Update rwi.stats.running.R#34
Conversation
I have added a check whether the rwi dataset has been detrended using difference=T, thus having a grand mean of 0. If so, it needs to be transposed by an arbitrary positive number, otherwise normalize1() messes up the dataset and can divide a series by a slightly negative value, returning false rbar and eps values.
|
Hi Stefan, Thanks for tracking this down and taking the time to submit a fix. As I understand it, the issue is that normalize1() divides each series by the grand mean of rwi. If rwi has been detrended using difference=TRUE the grand mean will be near zero. Dividing by a value near zero - or a slightly negative value - produces nonsensical rbar and eps values, and the user has no idea anything went wrong. Is that a fair description of the problem? Your fix works for the specific case you're describing, but I'm hesitant to merge it for two reasons. First, adding 100 is arbitrary - it works, but it's hard to defend that number over any other, and it would confuse anyone reading the code later (something we find all the time in Ed’s legacy code — hard to unravel later). Second, rounding and checking for an exact grand mean of 0 is too narrow. A grand mean of -0.6 rounds to -1 and slips through, even though normalize1() would still have a problem with it.
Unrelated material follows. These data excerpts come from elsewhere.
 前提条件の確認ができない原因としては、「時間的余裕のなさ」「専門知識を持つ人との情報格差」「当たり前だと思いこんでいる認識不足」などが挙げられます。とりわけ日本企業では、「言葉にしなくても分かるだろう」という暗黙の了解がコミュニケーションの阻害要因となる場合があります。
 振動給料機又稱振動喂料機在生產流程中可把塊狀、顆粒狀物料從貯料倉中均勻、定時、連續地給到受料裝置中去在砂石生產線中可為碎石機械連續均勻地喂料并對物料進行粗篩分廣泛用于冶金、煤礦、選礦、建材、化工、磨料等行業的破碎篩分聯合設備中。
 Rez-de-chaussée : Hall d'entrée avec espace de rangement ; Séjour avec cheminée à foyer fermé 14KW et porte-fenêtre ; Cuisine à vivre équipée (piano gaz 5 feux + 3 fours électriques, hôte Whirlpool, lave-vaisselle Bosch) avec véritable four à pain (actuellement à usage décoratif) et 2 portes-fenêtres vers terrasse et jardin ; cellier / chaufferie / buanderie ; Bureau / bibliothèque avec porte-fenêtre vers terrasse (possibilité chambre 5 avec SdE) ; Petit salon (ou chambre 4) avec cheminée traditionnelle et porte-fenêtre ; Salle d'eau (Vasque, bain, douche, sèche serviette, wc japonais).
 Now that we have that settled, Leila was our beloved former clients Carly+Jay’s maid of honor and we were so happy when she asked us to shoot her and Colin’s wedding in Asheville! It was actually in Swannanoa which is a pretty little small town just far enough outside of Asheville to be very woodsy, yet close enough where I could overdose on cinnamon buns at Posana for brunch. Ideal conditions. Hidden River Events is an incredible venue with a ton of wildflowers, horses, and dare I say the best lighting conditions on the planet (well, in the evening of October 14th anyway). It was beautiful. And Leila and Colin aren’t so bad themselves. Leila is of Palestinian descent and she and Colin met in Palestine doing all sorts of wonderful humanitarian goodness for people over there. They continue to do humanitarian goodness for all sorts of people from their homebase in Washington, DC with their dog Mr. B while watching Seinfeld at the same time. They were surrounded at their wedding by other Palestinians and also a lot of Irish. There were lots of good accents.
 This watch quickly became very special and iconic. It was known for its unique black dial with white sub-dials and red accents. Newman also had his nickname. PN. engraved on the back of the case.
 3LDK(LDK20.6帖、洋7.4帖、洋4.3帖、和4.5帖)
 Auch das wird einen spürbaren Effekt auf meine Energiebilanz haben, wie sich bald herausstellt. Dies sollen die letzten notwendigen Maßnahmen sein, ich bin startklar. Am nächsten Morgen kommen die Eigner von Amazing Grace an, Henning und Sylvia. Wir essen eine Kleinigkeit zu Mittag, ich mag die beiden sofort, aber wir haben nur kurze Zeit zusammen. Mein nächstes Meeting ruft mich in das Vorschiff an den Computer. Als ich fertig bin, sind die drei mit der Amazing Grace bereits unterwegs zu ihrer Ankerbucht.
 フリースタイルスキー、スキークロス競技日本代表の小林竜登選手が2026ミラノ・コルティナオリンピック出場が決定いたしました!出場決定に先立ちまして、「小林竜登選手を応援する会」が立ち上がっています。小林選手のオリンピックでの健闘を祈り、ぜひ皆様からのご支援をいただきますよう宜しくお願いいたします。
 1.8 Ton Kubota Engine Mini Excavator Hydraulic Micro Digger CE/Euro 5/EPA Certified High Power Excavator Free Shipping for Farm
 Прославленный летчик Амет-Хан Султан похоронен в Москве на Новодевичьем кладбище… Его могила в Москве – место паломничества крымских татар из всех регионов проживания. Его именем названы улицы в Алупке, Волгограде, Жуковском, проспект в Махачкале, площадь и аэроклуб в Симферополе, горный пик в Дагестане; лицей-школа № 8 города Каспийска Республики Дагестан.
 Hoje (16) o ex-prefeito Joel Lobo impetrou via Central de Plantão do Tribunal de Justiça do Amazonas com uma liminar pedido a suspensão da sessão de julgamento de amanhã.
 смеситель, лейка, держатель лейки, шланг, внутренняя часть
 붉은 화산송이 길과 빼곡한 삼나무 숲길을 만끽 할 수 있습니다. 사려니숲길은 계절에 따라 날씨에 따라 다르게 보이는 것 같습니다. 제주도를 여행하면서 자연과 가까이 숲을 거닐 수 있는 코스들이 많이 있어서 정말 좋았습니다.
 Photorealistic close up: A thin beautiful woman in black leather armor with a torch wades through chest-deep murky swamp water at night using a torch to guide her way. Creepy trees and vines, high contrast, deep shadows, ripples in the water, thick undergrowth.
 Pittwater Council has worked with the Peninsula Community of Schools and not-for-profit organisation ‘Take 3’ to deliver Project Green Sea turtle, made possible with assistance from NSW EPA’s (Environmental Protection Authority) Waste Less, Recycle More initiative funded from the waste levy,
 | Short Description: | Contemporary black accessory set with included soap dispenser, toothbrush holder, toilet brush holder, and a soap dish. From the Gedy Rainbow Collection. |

I think a stop() with an informative error is cleaner. It catches any non-positive grand mean and puts the fix in the user's hands, where it belongs: if(mean(unlist(rwi), na.rm=TRUE) <= 0) { I'll implement that and close this PR. But if you have a better approach or think I've misunderstood the problem, please open another PR. Thanks again for the careful work. |
|
Hi Andy, More general, and maybe I should open another request, when detrend(..., difference=T) then all the fail-safe mechanisms (divisor goes through zero --> divide by series mean) should be automatically switched off. Otherwise, one has to again arbitrarily transpose the data when there is objectively no need to (since we are subtracting and not dividing, it does not matter if the predictor crosses zero). Would you agree? And maybe concretely, why do we need the normalize1() command for eps and rbar calculation? I don't really understand the rationale for this step. Correlations work, no matter what their mean is, so dividing the series by its mean is unnecessary and causes all sorts of problems downstream if people do not use ratios because they detrended isotopes or had log-transformed (or power transformed) ring width series and their detrended mean is around 0, not 1. |
|
Hi @sklesse! Fair point on normalize1(). When n=NULL and prewhitening is off, it just divides by the column mean, which doesn't change rbar or eps since correlation is scale-invariant. So the stop() I added is too blunt - the better fix is to detect the situation and skip normalize1() when the data look like first differences. I'd welcome a PR for that. The main design question is where to draw the threshold for 'near zero' but that seems tractable. On ratio vs. log+subtract - the variance inflation problem when the detrending curve fits poorly is a real issue and worth a separate thread. I just pushed 1.7.9 to CRAN to address an unrelated bug. Planning another release in the next month or so - adding to the testing suite (long overdue) and better rwl class checks, which will touch a lot of files. A PR for the normalize1() auto-detect would fit in well with that work if you have time. Cheers, |
Hi Andy,
I have added a check whether the rwi dataset has been detrended using difference=T, thus having a grand mean of 0. If so, it needs to be transposed by an arbitrary positive number, otherwise normalize1() messes up the dataset and can divide a series by a slightly negative value, returning false rbar and eps values.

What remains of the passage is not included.